Chapitre 322

„Hehe, ich bekomme jeden Tag SMS von der Bank.“ Ye Yangcheng grinste. „Ich wollte dich gerade anrufen, aber wir sind ja auf der gleichen Wellenlänge! Du hast mich angerufen, bevor ich es überhaupt konnte!“

„Versuch ruhig weiter, es zu brechen.“ Wang Huihui schnaubte: „Dieser Trick mag bei jungen Mädchen funktionieren, aber bei mir nicht!“

„Tch, was soll’s, wenn sie ein Loch ins Kondom gemacht hat und schwanger geworden ist?“, spottete Ye Yangcheng, um nicht nachzustehen. Nach ein paar Witzen kicherte er und fragte: „Wozu brauchst du mich?“

„Nun, da wären drei Dinge.“ Wang Huihui hörte auf zu lachen und sagte beiläufig: „Erstens habe ich vor einiger Zeit die Preise für Winterkleidung im Laden um dreißig Prozent erhöht. Ich habe es gestern Abend ausgerechnet, und es hat Ihnen wahrscheinlich 170.000 Yuan zusätzlich eingebracht. Da das Frühlingsfest bald bevorsteht, Lao Ye, wie viel roten Umschlag planen Sie mir zu geben?“

Sein Tonfall war scherzhaft und locker, doch Ye Yangcheng, der Wang Huihuis Persönlichkeit gut kannte, runzelte die Stirn. Er fragte jedoch nichts weiter und lachte nur: „Da du mir zusätzliche 170.000 eingebracht hast, gebe ich dir einen roten Umschlag über 50.000 zum chinesischen Neujahr, damit du mir später keine Gier vorwirfst …“

"Hä? Wirklich?" Bevor Ye Yangcheng seinen Satz beenden konnte, rief Wang Huihui am anderen Ende der Leitung überrascht aus, schlug dann mit der Faust auf das Telefon und sagte: "Alter Ye, du bist mein Retter!"

"...Was ist los?" Ye Yangcheng konnte seine aufkeimende Neugier schließlich nicht mehr unterdrücken und fragte: "Was ist passiert?"

„Ach so, da war also etwas im Gange. Aber jetzt hat sich alles geklärt“, sagte Wang Huihui zufrieden. „Und dann wäre da noch die zweite Sache: Meine Cousine arbeitet seit über einem Monat im Laden und hat ihn so gut wie im Griff.
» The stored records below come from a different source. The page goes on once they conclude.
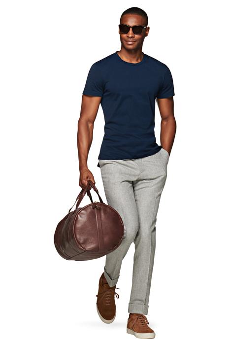 Versatile And Stylish, This Navy T-Shirt Is Cut With A Crewneck Collar From Pure, Sustainable Californian Supima Cotton, And Features A Split Hem And Longer Back.
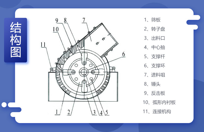 錘式破碎機的主要工作部件為帶有錘子(又稱錘頭)的轉子,轉子由主軸、圓盤、銷軸和錘子組成。恒通錘式破碎機具有破碎比大(10-40)、排料粒度均勻、過粉碎現象少、耗能低、造價低、便于維護等優勢。
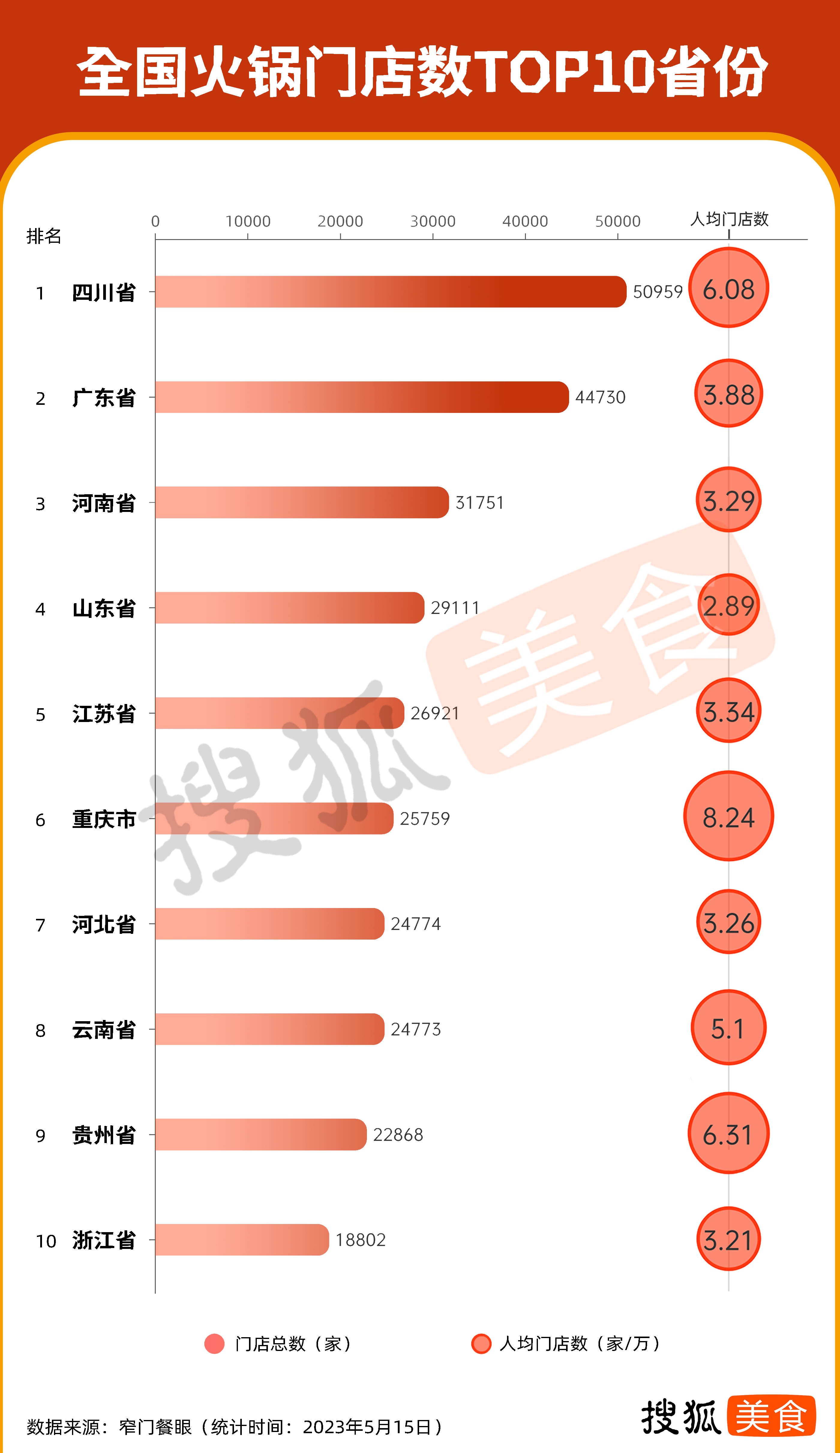 搜狐美食对全国各省的火锅门店数进行排名后发现,四川、广东、河南排名前三,火锅门店数量均已超过3万家,排名第一四川省拥有火锅门店5万余家,是妥妥的“火锅大省”。前十名中,重庆是唯一入围的直辖市,总门店数排在第六位。
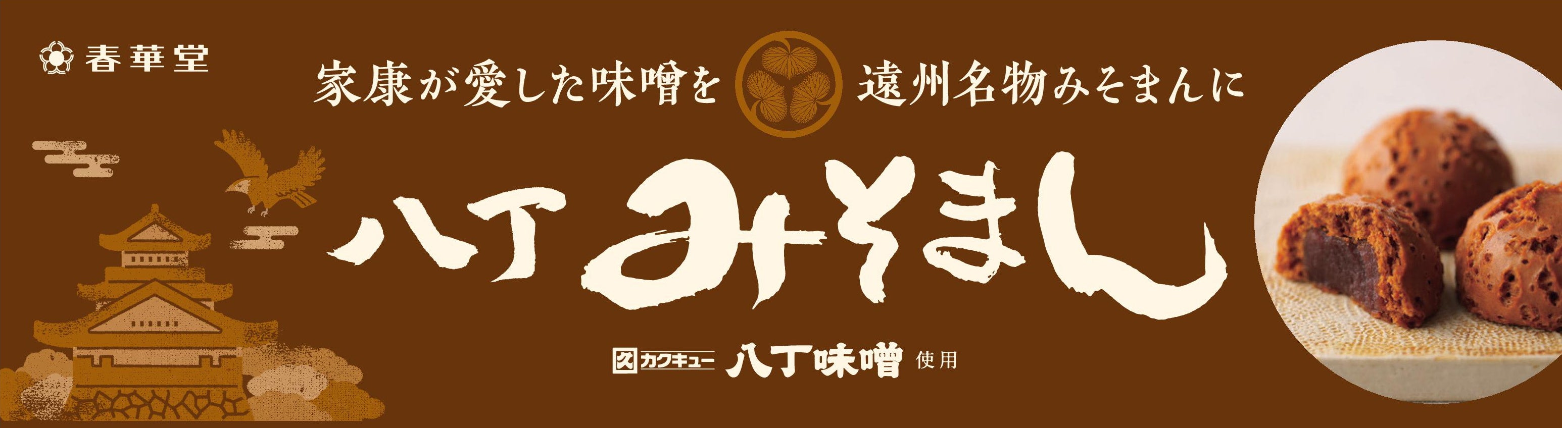 有限会社春華堂(本社:静岡県浜松市、代表取締役社長:山崎貴裕)は、徳川家康公を主人公とした2023年の歴史ドラマの放送が決定したことを受けて「徳川家康公ゆかりの地」の機運を盛り上げていきたいとして、期間限定デザインの「八丁みそまん」を2022年9月1日から新発売いたします。みそまんは家康公ゆかりの地、遠州地域にに古くから伝わる郷土菓子です。皮に江戸時代から同じ製法で天然醸造される、家康公誕生の地である岡崎のカクキューの八丁味噌を練りこみました。職人がじっくりと炊き上げた、旨味ゆたかなこし餡も自慢です。

Ich muss ab morgen Urlaub nehmen, um nach Hause fahren zu können. Würden Sie das genehmigen?“

„Auf keinen Fall, Ma’am!“, rief Ye Yangcheng und verdrehte die Augen. „Das Jahr neigt sich dem Ende zu, und die Hauptsendezeit steht unmittelbar bevor. Wollen Sie jetzt etwa einen Streit anfangen und Leute abziehen?“

„Hehe, lass mich dir zuerst das Dritte erzählen!“, sagte Wang Huihui sichtlich aufgeregt zu Ye Yangcheng. „Ich heirate ihn am 24. des zwölften Mondmonats. Hmm, wirst du zur Hochzeit kommen?“

"..." Ye Yangchengs Kopf pochte leicht, und seine Augen verdrehten sich: "Ich kenne Ihren Mann nicht einmal, und außerdem, welches Recht habe ich, Ihrer Hochzeit beizuwohnen? Bitte, Sie sind eine Frau, und ich bin ein Mann!"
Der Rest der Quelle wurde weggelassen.